Yet, if there were such thing as a perfect group of friends, we still would not be completely satisfied. That is because community is not a good itself. In his letter to Roman Christians, the apostle Paul discusses the virtue of community – living in harmony with one another – as a part of worship and personal sacrifice. (Romans 12:1,16) If God truly is the ultimate good in our life, then any other good, including community, is only good insofar as it is ordered to our enjoyment of God. While community can be a source of joy, peace and fulfillment, those should not be our motivations for entering into community. Our yearning should be for God. And again, because the perfect group of friends, nor the perfect church, does not exist on this side of heaven, the only forms of community available to us include fellow sinners. Thus, such groups will always be fraught with personal risk. As the ancient Stoic philosopher Cicero observed,
No treachery is more insidious than that which is hidden under a pretense of loyalty, or under the name of kinship. For against an open adversary you could be on your guard and thus easily avoid him; but this hidden evil, within the house and family, not only arises before you are aware but even overwhelms you before you can catch sight of it and investigate it. (In Verrem, 2.1.13)

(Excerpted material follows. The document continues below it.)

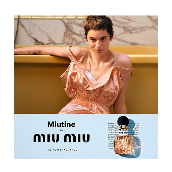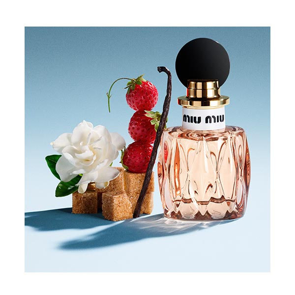 Una fragancia femenina llena de energía que equilibra la ternura con la elegancia, desplegando acordes cálidos y jugosos que estimulan los sentidos y evocan la independencia, el descaro y el encanto espontáneo de la mujer Miu Miu.

Those closest to us have the ability to hurt us the most. For all the potential for good we may find in community, there also exists potential for harm. Because vulnerability is a requisite part of being a member of a community we naturally open ourselves up to much more pain than if we try to maintain a life of solitude. We are never free from the possibility of pain when we are part of a community. In fact, when we are part of a community we are potentially more likely to be let down, to feel taken advantage of, or inadequately appreciated.
When we find hurt in a group of friends or a church family it can be tempting to jump ship, to find a new group of friends, or a new church, or even to move to a new town. This is why the Bible calls us to unity so often. While community is good, it is also difficult. Consider what the apostle John tells us about community. In his gospel he reports that Jesus told the disciples, “love one another. As I have loved you, so you must love one another.” (John 13:34) However, we learn later from his first epistle that our injunction to love others is not just because other humans are made in the image of God and therefore inherently valuable and deserving of dignity. Rather, John tells us, “if we walk in the light, as he is in the light, we have fellowship with one another, and the blood of Jesus his Son cleanses us from all sin. (1 John 1:17) God uses community to purify us so that we may know him and enjoy him better, and being purified is by nature uncomfortable. The Old Testament prophet Malachi likened God’s purifying work in our lives to a refiner’s purification of silver and gold, which involves exposure to intense heat in order to clear out all the impurities. (Malachi 3:3) When we are in a Christ-centered, loving community God will it them to purify us. There we can expect to find a confluence of joy, sadness, pain, pleasure, victories, losses, edification, feelings of inclusion, and feelings of being let down. However, we also have confidence that God is using this imperfect, uncomfortable, and at times painful, community to form us into the types of people that know and enjoy God. My church was not wrong in wanting to include the word community in their new name, but perhaps it would have been more truthful to describe the church as a place where God will purify us through a sometimes painfully imperfect community.